> _Work instruction_
In the entries below, find the line containing "향이 올라오면 양파와 피망을 넣고 볶다가" and the line containing "Играет на Counter". Copy those two lines and everything between them exactly, and only that.

> _Information given_
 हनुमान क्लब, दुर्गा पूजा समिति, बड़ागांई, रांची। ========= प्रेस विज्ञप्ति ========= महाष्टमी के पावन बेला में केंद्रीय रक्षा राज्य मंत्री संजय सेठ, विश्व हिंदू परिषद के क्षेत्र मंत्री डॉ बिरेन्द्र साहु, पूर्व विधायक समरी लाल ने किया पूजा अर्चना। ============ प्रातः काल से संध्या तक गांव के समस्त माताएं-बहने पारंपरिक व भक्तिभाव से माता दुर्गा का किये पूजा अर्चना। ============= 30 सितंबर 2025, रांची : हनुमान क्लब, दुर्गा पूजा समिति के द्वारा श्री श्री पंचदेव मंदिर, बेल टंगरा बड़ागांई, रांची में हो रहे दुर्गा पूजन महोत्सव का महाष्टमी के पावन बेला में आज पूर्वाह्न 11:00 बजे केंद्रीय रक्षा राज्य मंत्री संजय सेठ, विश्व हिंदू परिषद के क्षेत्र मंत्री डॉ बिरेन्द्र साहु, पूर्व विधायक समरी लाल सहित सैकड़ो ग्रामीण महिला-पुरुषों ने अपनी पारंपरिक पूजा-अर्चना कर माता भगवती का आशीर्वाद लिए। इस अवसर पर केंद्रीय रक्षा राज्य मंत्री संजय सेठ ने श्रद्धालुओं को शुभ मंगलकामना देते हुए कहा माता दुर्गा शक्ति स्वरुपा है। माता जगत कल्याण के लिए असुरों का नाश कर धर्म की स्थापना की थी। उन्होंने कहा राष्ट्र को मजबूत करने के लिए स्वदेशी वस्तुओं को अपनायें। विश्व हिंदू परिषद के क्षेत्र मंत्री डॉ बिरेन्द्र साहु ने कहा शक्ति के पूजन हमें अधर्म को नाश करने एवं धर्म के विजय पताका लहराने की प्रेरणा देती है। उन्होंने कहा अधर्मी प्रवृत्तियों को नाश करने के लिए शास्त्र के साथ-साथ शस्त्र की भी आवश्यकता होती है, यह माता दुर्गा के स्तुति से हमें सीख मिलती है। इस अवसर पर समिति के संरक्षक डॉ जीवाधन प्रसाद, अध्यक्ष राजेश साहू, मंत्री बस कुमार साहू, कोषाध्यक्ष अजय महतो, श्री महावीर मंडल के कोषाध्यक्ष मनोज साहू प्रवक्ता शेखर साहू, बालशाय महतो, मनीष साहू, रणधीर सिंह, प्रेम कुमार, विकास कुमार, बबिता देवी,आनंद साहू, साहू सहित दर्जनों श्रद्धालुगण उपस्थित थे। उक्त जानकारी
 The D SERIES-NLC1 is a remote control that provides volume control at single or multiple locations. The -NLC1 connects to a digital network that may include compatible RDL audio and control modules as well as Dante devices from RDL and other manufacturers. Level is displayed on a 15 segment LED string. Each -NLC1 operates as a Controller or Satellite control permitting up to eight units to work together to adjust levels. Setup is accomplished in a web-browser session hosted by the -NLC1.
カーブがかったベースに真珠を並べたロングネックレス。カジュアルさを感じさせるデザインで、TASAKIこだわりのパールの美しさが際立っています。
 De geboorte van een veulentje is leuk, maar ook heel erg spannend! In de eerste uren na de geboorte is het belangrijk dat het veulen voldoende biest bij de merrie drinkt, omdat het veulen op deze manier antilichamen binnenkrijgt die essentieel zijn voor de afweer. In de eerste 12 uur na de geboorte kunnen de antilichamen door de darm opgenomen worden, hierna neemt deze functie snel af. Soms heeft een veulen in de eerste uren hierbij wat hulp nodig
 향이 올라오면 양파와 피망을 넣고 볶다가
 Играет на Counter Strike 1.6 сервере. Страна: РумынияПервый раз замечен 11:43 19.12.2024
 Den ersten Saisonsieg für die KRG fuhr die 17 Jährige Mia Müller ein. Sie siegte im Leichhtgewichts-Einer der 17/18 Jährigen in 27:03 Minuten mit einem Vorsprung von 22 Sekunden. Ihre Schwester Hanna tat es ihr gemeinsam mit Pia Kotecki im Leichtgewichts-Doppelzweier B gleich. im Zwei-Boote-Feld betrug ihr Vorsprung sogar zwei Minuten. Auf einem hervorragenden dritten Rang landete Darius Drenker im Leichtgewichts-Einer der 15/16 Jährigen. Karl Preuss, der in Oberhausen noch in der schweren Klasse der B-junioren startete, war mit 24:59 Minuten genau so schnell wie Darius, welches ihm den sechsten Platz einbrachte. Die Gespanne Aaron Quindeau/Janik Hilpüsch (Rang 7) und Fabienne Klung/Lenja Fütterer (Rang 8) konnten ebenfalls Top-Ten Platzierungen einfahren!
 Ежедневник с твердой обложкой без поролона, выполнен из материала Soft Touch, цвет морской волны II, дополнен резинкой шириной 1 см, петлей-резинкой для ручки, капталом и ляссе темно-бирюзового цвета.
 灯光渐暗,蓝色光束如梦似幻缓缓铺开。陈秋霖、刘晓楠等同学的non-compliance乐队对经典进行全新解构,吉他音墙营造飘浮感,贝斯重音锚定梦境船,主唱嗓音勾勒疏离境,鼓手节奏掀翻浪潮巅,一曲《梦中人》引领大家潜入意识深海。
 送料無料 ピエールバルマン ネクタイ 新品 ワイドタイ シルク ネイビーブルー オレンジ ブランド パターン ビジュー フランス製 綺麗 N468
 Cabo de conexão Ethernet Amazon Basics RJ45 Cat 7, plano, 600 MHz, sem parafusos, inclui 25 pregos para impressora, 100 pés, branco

> _Solved problem_
 향이 올라오면 양파와 피망을 넣고 볶다가
 Играет на Counter Strike 1.6 сервере. Страна: РумынияПервый раз замечен 11:43 19.12.2024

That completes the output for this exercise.